From Shock Hike to Second Price Cut: How Game Pass Got Here
Xbox Game Pass has swung from aggressive price hikes to back‑to‑back cuts in less than a year, and Call of Duty sits at the center of that whiplash. Last October, Microsoft raised Xbox Game Pass Ultimate’s price by about 50%, widely seen as an attempt to cover the cost of launching new Call of Duty games into the subscription on day one. Under new Xbox chief Asha Sharma, that move has been almost fully reversed. Game Pass Ultimate has dropped from USD 29.99 (approx. RM140) to USD 22.99 (approx. RM108) per month, while PC Game Pass fell from USD 16.49 (approx. RM77) to USD 13.99 (approx. RM65). These cuts follow Sharma’s leaked memo and public comments that Game Pass "has become too expensive" and needs a better value equation. The result is a cheaper service than the post‑hike era, but still more expensive than the pre‑hike days, and now with a new Call of Duty caveat attached.

New Rules for Game Pass Call of Duty: No More Day-One, One-Year Delay
The headline trade‑off behind the Xbox Game Pass price cut is clear: future Call of Duty releases will no longer hit the service on launch day. Microsoft now says new entries will be added to Game Pass Ultimate and PC Game Pass "during the following holiday season," roughly a year after their initial release. Existing Call of Duty titles, including recent Black Ops entries, remain in the catalog, but the annual tentpole shooters that once helped define Game Pass Ultimate value are now treated more like delayed box‑set arrivals. Crucially, other first‑party Xbox Game Studios games still launch day‑and‑date on Game Pass, reinforcing that Call of Duty is the exception, not the new rule. This creates a sharper line in the subscription: Game Pass keeps its identity as a day‑one library for most first‑party titles, while ring‑fencing the biggest blockbuster franchise into a premium, wait‑a‑year perk.

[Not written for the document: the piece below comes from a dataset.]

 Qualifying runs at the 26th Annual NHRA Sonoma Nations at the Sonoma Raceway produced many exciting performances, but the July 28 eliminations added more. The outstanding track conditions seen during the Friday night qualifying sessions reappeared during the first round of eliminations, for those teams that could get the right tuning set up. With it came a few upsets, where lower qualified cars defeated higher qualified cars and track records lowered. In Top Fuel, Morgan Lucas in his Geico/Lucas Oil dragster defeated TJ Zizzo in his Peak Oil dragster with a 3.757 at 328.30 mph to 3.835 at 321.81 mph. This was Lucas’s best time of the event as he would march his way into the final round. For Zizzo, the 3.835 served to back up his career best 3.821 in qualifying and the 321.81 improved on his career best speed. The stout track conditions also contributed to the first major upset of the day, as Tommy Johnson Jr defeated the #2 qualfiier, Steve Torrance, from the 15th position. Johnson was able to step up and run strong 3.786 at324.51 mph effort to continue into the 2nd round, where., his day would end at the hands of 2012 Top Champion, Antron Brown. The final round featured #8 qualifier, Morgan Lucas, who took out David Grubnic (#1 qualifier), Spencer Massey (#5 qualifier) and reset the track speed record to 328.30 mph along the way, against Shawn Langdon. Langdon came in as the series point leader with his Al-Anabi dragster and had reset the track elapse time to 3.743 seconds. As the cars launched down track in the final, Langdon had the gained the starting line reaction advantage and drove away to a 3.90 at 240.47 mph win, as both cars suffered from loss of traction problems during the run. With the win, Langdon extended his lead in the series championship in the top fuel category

Why Xbox Pulled Call of Duty: Cannibalised Sales and a Broken Business Model
Behind the scenes, data shows why Asha Sharma’s team decided the old model had hit a wall. Analysts and Microsoft itself have framed Call of Duty as simply “too big” for the Game Pass business. Research shared with GamesIndustry.biz indicates that when Black Ops 6 launched straight into Game Pass, Xbox’s share of Call of Duty monthly active users jumped dramatically—Newzoo reported a 71% rise in Xbox Call of Duty MAU versus the previous Modern Warfare window—but that surge in engagement didn’t translate into proportional revenue growth. The next release, Black Ops 7, delivered a far weaker lift in both players and spending. In other words, Game Pass Call of Duty boosted engagement but appeared to cannibalise premium sales, especially after the one‑time novelty of day‑one access wore off. Xbox was effectively subsidising a USD 70 (approx. RM322) blockbuster for millions of subscribers without recouping enough through subscription fees at the higher price point.

The End of the Old Game Pass Value Prop: Who Wins and Who Loses Now?

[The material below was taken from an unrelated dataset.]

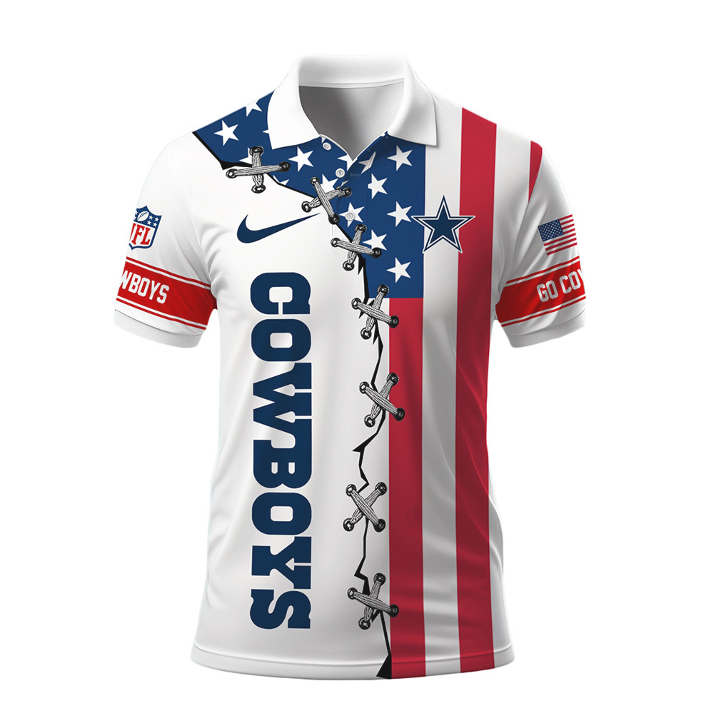 ▶️ About Dallas Cowboys NFL Patriotic Star Stripes Lace Up Polo – 3D T-Shirt
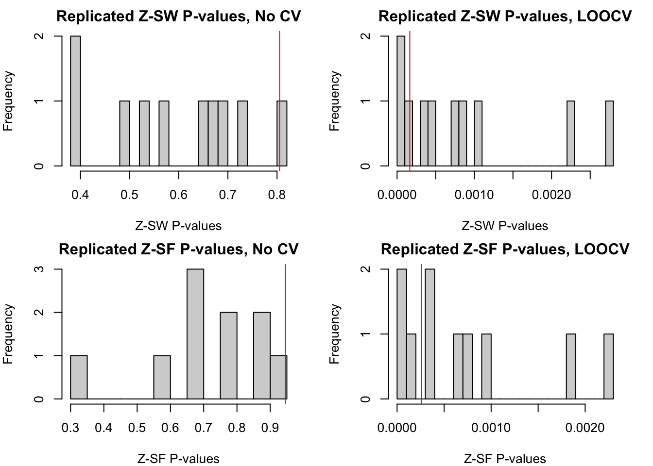 hist(sf.kidney.cv,main="Replicated Z-SF P-values, LOOCV",breaks=20,

Commentators have framed this as “the end of an era” for Game Pass Ultimate, whose original magic pitch was simple: pay a flat fee and play everything Xbox first‑party, including Call of Duty, on day one. That’s no longer true. Budget‑conscious players arguably come out ahead: the Ultimate price cut saves around USD 84 (approx. RM387) per year compared with the recent high, in exchange for waiting a year for new Call of Duty. Players who mainly use Game Pass to sample a broad library or chase indie day‑one launches still see strong Game Pass Ultimate value. The biggest losers are hardcore Call of Duty fans who bought Ultimate largely for annual day‑one access; for them, the subscription just became an add‑on to a full‑price purchase. Meanwhile, players who already bought Call of Duty every year in disc or digital form may actually benefit—lower subscription costs plus eventual library access to older entries and side modes without changing their existing buying habits.

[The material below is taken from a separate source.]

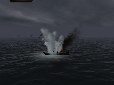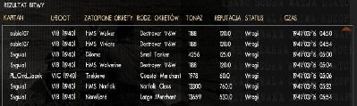 Zacząłem celować w tankowca - pudło, kolejne torpedy pudło - nic dzisiaj nie chciało wychodzić. W końcu odpaliłem torpedę w mały frachtowiec - eksplozja i konto już nie jest puste. Dalej uszkodziłem parowiec - niestety odpłynął dalej przechylony na prawą burtę. Gdy celowałem w tankowiec, zastałem wykryty i wpędzony pod wodę. Udało mi się wyrwać z okrążenia i wyjść na peryskopowa - lecz po co, jak kolejne 3 torpedy minęły swoje cele . Tymczasem Syguła szalał, kolejne statki szły na dół, choć nie wszystkie BdU uznało (w raporcie napisał, że dodatkowo zatopił DD, tankowca i C2 - ale jak każdy dowódca uboota pewnie przesadzał

Asha Sharma’s Next Move: Starter Edition, Pick-Your-Own Plans, and Flexible Xbox Subscription Changes
The Call of Duty shift is not happening in isolation; it’s part of a broader Asha Sharma Xbox strategy to make subscriptions more flexible. Internally, Microsoft has discussed a "pick your own plan" approach that would let players choose content bundles rather than a single monolithic tier. Early leaks around codenames “Triton” and “Duet” point to a new Xbox Game Pass Starter Edition: a cheaper, entry‑level plan with a limited catalog of first‑party and select third‑party titles, capped cloud gaming hours, and integration with Xbox Rewards. Reports also suggest this Starter Edition will be bundled with Discord Nitro, reinforcing a social‑plus‑games positioning. Alongside existing Essential, Premium, PC, and Ultimate tiers, this experimentation signals a shift from “one incredible deal for everyone” to a menu of Xbox subscription changes. If it works, players who don’t need day‑one Call of Duty might finally pay only for what they actually use.